When you are running dozens of experiments in multiple different projects, having a clear way to organize and search though the results is key. Azure ML provides two concepts to help with this: Runs and Experiments.

Runs#

A run is a single execution of your code - usually a training script. The run has a life-cycle: the code is prepared to be submited to Azure ML (e.g. via a ScriptRunConfig), then the code is submitted

Once the code is submitted to Azure ML (for example, via a ScriptRunConfig) a Run object is created. This compute target is prepared (nodes are provisioned, containers hosting your Python environment are fired up), the entry point script is called ($ python run.py [args]) and logs start being generated:

Files already downloaded and verified
epoch=1, batch= 2000: loss 2.19
epoch=1, batch= 4000: loss 1.82
epoch=1, batch= 6000: loss 1.66
...

You may log metrics to Azure ML with run.log('<metric_name>', metric_value) and monitor them in the studio:

The training concludes, usually some model files are saved, and the nodes are released.

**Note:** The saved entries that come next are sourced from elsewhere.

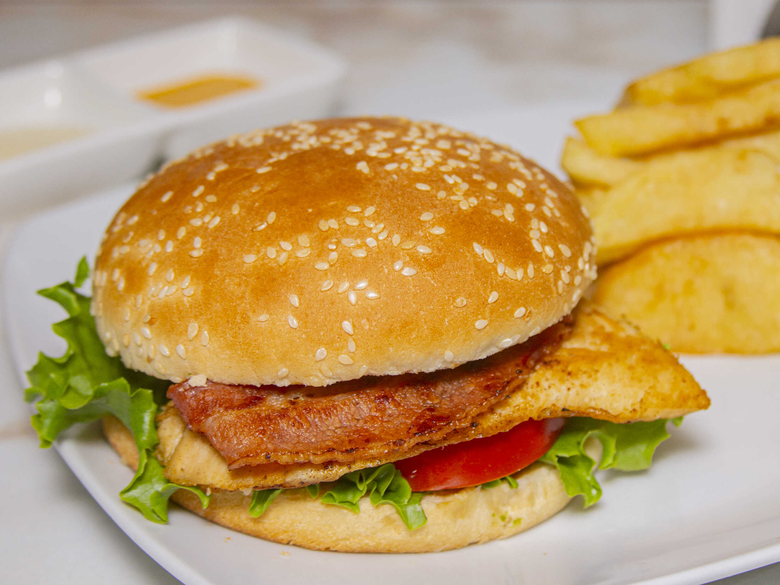 Filete de pollo / Tocino / Papas / Lechuga / Tomate / Cremas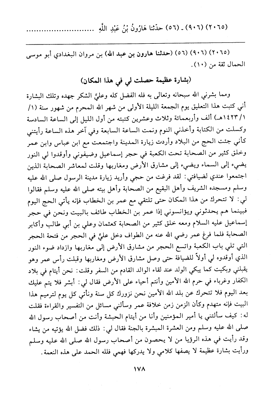 ومما بشرني الله سبحانه وتعالى به فله الفضل كله وعليَّ الشكر جهده وتلك البشارة أني كتبت هذا التعليق يوم الجمعة الليلة الأولى من شهر الله المحرم من شهور سنة (١/ ١ / ١٤٢٣ هـ) ألف وأربعمائة وثلاث وعشرين كتبته من أول الليل إلى الساعة السادسة وكسلت من الكتابة وأخذني النوم ونمت الساعة السابعة وفي آخر هذه الساعة رأيتني كأني جئت الحج من البلاد وأردت زيارة المدينة واجتمعت مع ابن عباس وابن عمر وخلق كثير من الصحابة تحت الكعبة في حجر إسماعيل وضيفوني وأوقدوا لي النور يضيء إلى السماء ويضيء إلى مشارق الأرض ومغاربها وقلت لمعاشر الصحابة الذين اجتمعوا عندي لضيافتي: لقد فرغت من حجي وأريد زيارة مدينة الرسول صلى الله عليه وسلم ومسجده الشريف وأهل البقيع من الصحابة وأهل بيته صلى الله عليه وسلم فقالوا لي: لا تتحرك من هذا المكان حتى تلتقي مع عمر بن الخطاب فإنه يأتي الحج اليوم فبينما هم يحدثوني ويؤانسوني إذا عمر بن الخطاب طائف بالبيت ونحن في حجر إسماعيل - عليه السلام - ومعه خلق كثير من الصحابة كعثمان وعلي بن أبي طالب وأكابر الصحابة فلما فرغ عمر رضي الله عنه من الطواف دخل علي في الحجر من فتحة الحجر التي تلي باب الكعبة واتسع الحجر من مشارق الأرض إلى مغاربها وازداد ضوء النور الذي أوقدوه لي أولًا للضيافة حتى وصل مشارق الأرض ومغاربها وقبلت رأس عمر وهو يقبلني وبكيت كما يبكي الولد عند لقاء الوالد القادم من السفر وقلت: نحن أيتام في بلاد الكفار وغرباء في حرم الله الأمين وأنتم أحياء على الأرض فقال لي: أبشر فلا يتم عليك بعد اليوم فلا تتحرك عن بلد الله الأمين نحن نزورك كل سنة ونأتي كل يوم لترميم هذا البيت فإنه متهدم وكأن الزمن زمن خلافة عمر وسألني مسائل من التفسير والقراءة فقلت له: كيف سألتني يا أمير المؤمنين وأنا من أيتام الحبشة وأنت من أصحاب رسول الله صلى الله عليه وسلم ومن العشرة المبشرة بالجنة فقال لي: ذلك فضل الله يؤتيه من يشاء وقد رأيت في هذه الرؤيا من لا يحصون من أصحاب رسول الله صلى الله عليه وسلم ورأيت بشارة عظيمة لا يصفها كلامي ولا يدركها فهمي فلله الحمد على هذه النعمة.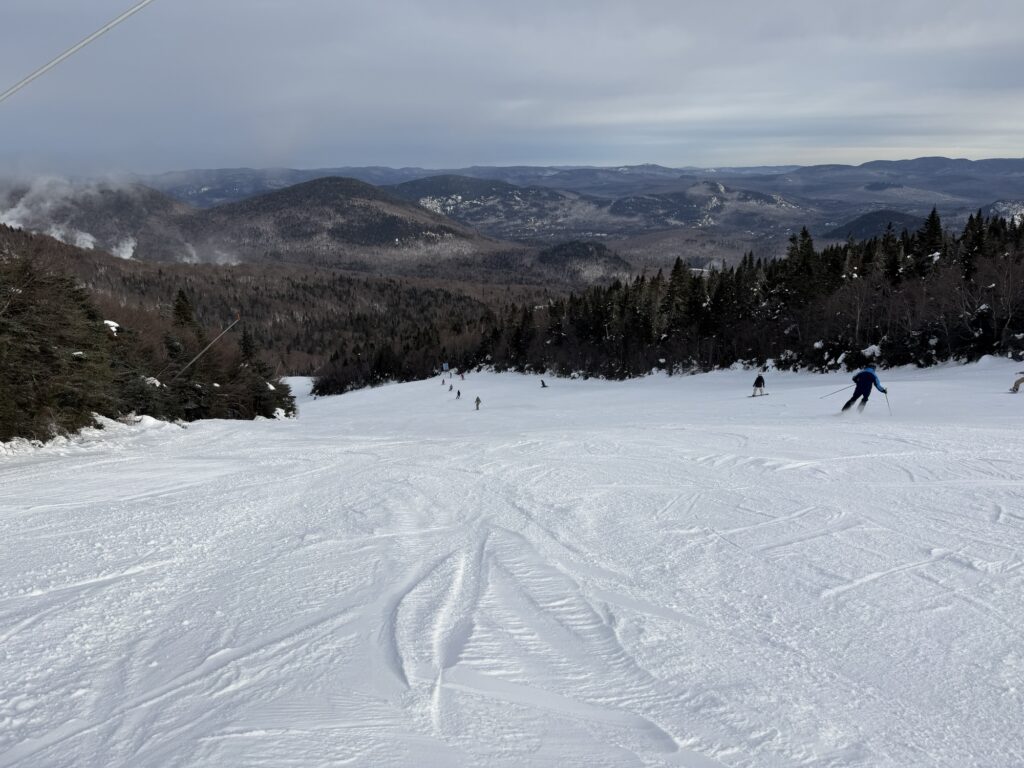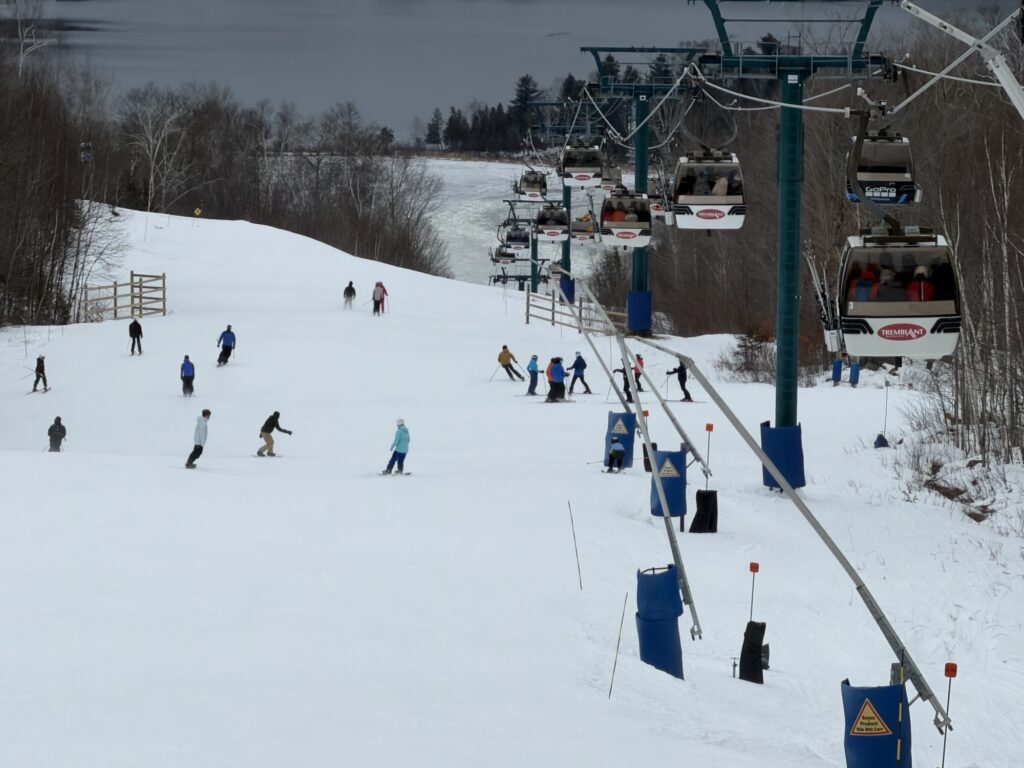 La station de Mont Tremblant nous livre un beau domaine skiable aujourd’hui avec 47 pistes ouvertes, un vent augmentant graduellement et un beau -12 ensoleillé. Bien évidemment, les pistes à bosses et les sous-bois ne sont pas accessibles en début de journée.

But the story doesn't end there. The run persists even after the nodes are returned to Azure. You can always return, either in code or via the studio, to see a history of your runs, all their outputs and metrics, and the exact code that was used to generate them.

Experiments#

An Experiment is a collection of runs. All runs belongs to an Experiment. Usually an Experiment is tied to a specific work item, for example, "Finetune Bert-Large", and will possess a number of runs as you iterate toward this goal.

Snapshot#

When you submit your code to run in Azure ML, a snapshot is taken. This is a copy of the exact code that ran. Think of this as version control for your experiments. Want to reproduce the results from that experiment 2-months ago even though you've iterated on the model and the training script in the meantime? No problem, snapshot has you covered!

You have total control of what goes into the snapshot with the .amlignore file. This plays the same role as a .gitignore so you can efficiently manage what to include in the snapshot.

Metrics#

As you run experiments, you track metrics - from validation loss through to GPU load. Analysing these metrics is essential to determining your best model. With Run History, these metrics are stored for all your runs.